What you are asked to do:
What are the lines below, starting at the line containing "4、射箭控制方法:正式开始时" and ending at the line containing "que le 17ème"? Write them out exactly, ends included, without pictures.

Records for processing:

::::

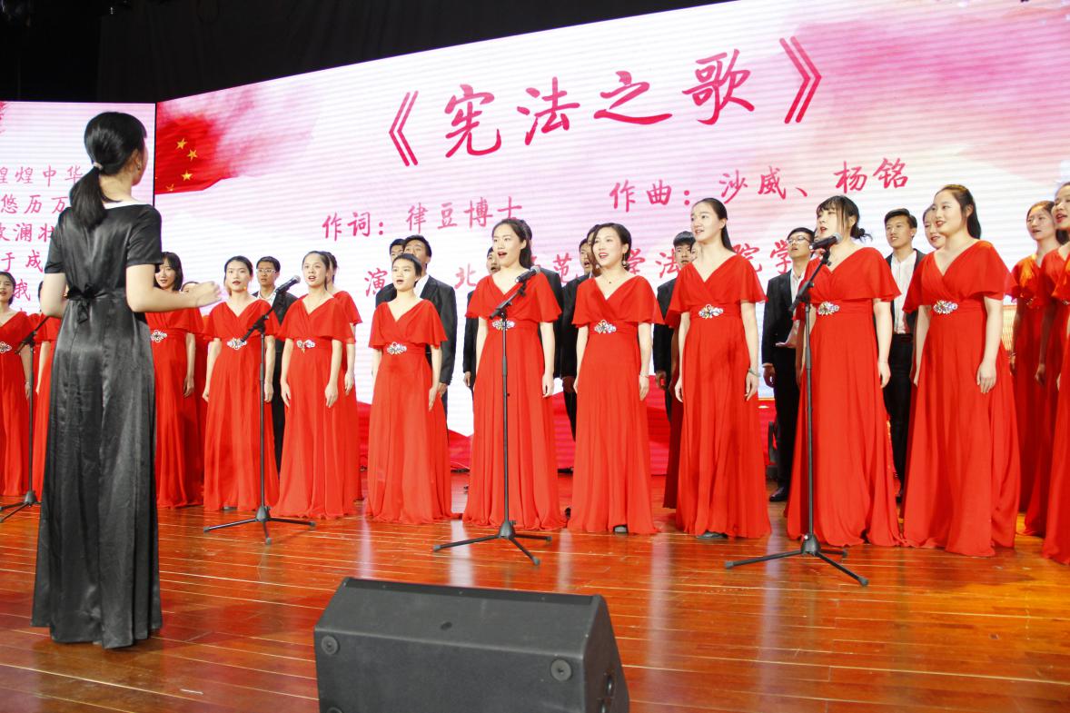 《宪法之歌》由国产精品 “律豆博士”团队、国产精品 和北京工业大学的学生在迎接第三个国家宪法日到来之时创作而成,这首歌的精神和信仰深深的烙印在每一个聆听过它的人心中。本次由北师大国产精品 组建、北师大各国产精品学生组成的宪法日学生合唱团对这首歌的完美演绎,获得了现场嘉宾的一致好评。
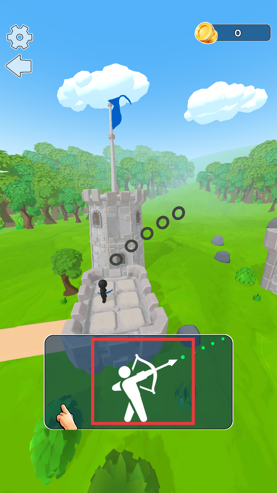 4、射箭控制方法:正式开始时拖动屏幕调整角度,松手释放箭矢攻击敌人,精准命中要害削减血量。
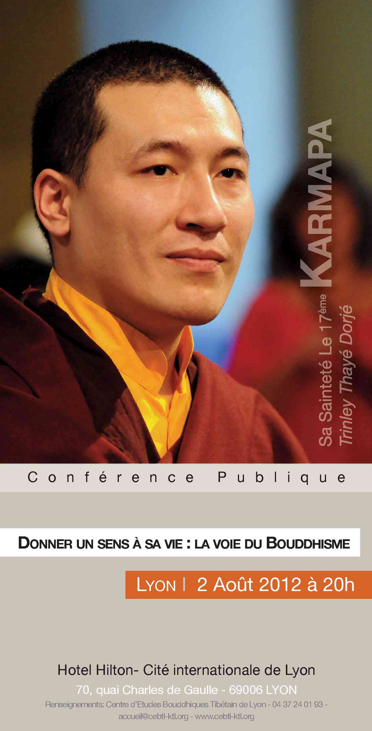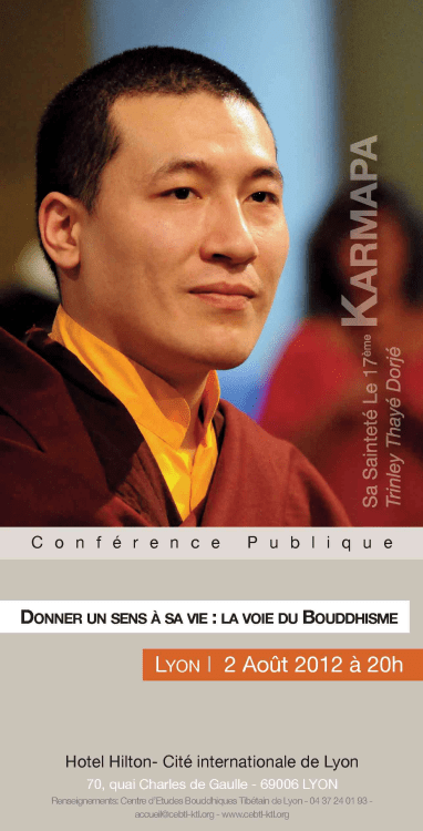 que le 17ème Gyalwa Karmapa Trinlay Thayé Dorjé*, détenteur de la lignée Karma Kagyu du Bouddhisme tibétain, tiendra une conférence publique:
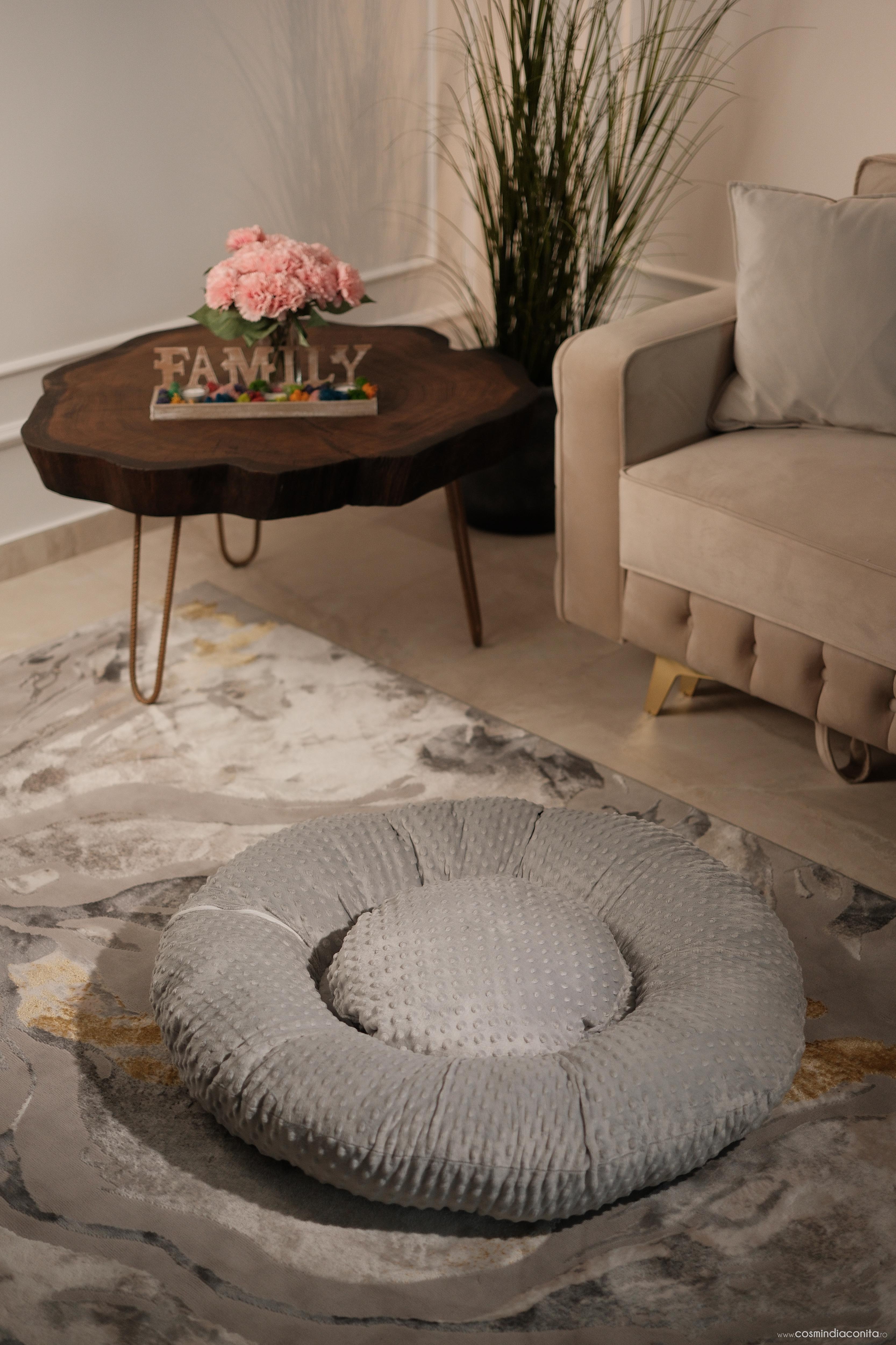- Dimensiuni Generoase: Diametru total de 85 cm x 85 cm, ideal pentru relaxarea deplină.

::::

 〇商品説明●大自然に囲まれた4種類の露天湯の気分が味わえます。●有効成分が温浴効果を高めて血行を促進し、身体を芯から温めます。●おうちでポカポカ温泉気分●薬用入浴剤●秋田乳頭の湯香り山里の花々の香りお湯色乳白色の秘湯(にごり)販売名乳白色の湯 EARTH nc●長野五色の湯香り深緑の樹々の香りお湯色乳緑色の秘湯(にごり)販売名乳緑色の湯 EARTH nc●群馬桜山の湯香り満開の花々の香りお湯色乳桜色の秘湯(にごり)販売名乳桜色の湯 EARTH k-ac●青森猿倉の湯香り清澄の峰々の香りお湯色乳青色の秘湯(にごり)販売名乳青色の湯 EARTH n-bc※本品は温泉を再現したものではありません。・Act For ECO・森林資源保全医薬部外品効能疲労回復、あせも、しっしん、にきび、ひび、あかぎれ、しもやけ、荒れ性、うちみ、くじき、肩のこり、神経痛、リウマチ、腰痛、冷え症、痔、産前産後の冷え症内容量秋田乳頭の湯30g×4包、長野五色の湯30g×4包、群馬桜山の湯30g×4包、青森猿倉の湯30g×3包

::::

Written solution:
 4、射箭控制方法:正式开始时拖动屏幕调整角度,松手释放箭矢攻击敌人,精准命中要害削减血量。
 que le 17ème Gyalwa Karmapa Trinlay Thayé Dorjé*, détenteur de la lignée Karma Kagyu du Bouddhisme tibétain, tiendra une conférence publique:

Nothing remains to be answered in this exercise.